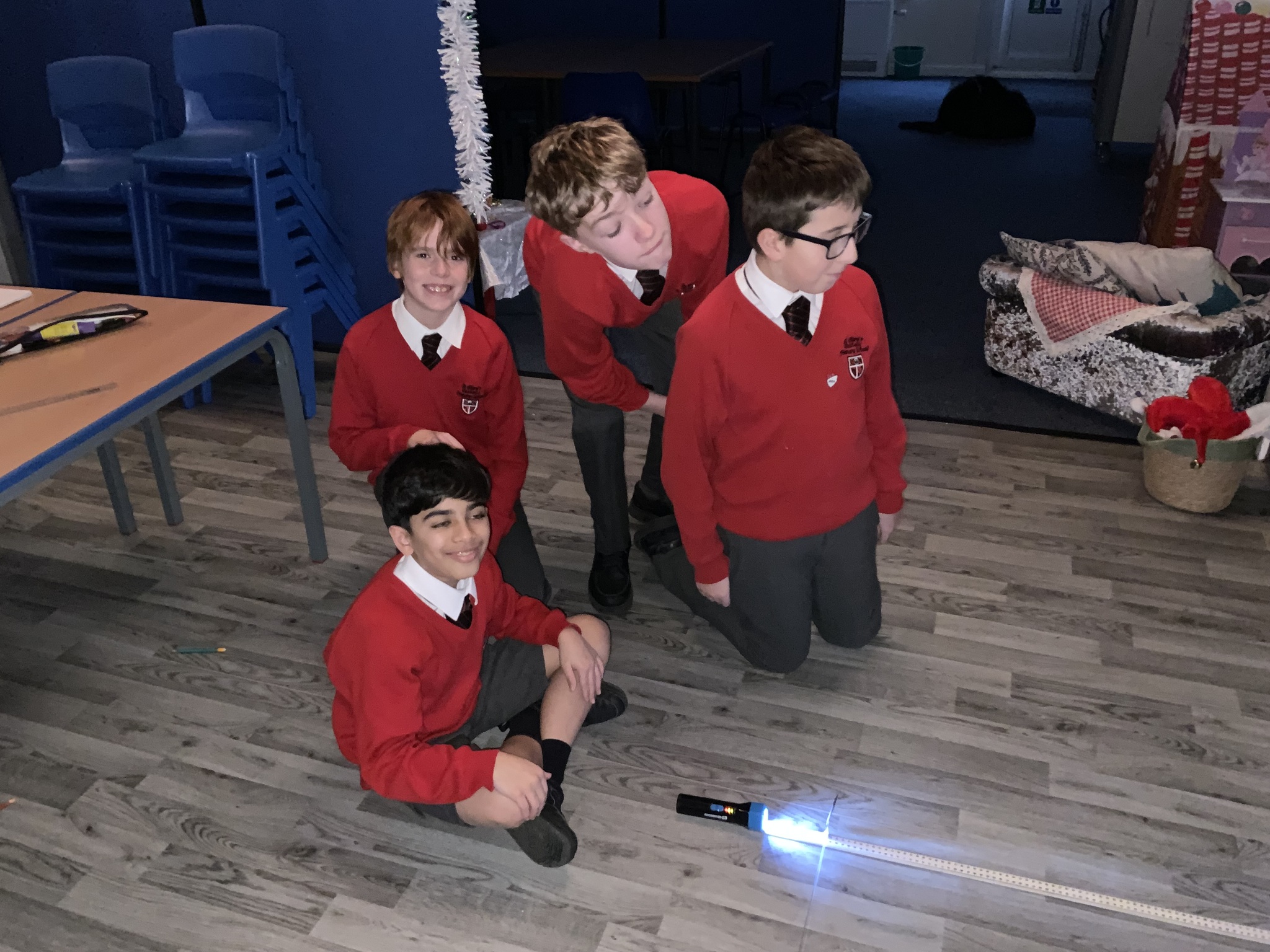 This week, Year 6 have had an incredible time filled with learning and special moments! In Science, we carried out an exciting experiment to find out how the distance from a light source affects the size of a shadow. We discovered that when an object is closer to the light, its shadow becomes much larger, and when it moves further away, the shadow gets smaller and sharper. It was fascinating to see how light travels in straight lines and how objects block it to create shadows.
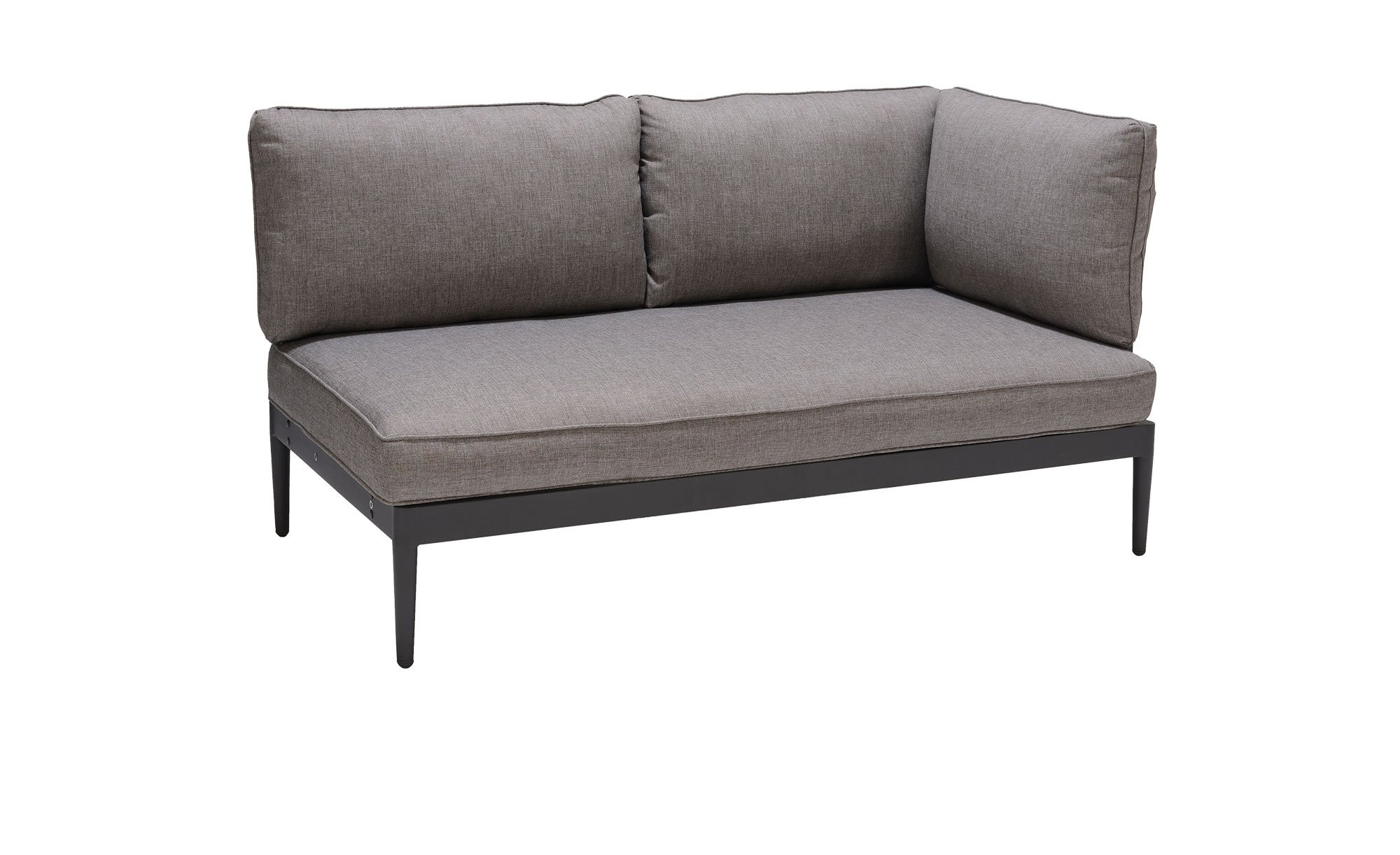 Zum outdoor Gartensofa Topaz gehören außerdem lose Sitz- und Rückenkissen. Die Auflagen sind mit grauem Olefin aus 100 % Polypropylen bezogen. Bei Bedarf lässt sich das atmungsaktive Material jederzeit abnehmen und waschen.
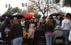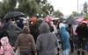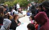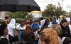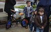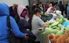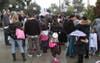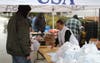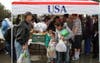 People had to stand in line in the rain to get tickets for the food bags and bicycles, and then stand in line again, but no one seemed to mind.

● **Work instruction**: Set down all the data again exactly as above, pictures excluded.

● **Solution for this problem**:
 This week, Year 6 have had an incredible time filled with learning and special moments! In Science, we carried out an exciting experiment to find out how the distance from a light source affects the size of a shadow. We discovered that when an object is closer to the light, its shadow becomes much larger, and when it moves further away, the shadow gets smaller and sharper. It was fascinating to see how light travels in straight lines and how objects block it to create shadows.
 Zum outdoor Gartensofa Topaz gehören außerdem lose Sitz- und Rückenkissen. Die Auflagen sind mit grauem Olefin aus 100 % Polypropylen bezogen. Bei Bedarf lässt sich das atmungsaktive Material jederzeit abnehmen und waschen.
 People had to stand in line in the rain to get tickets for the food bags and bicycles, and then stand in line again, but no one seemed to mind.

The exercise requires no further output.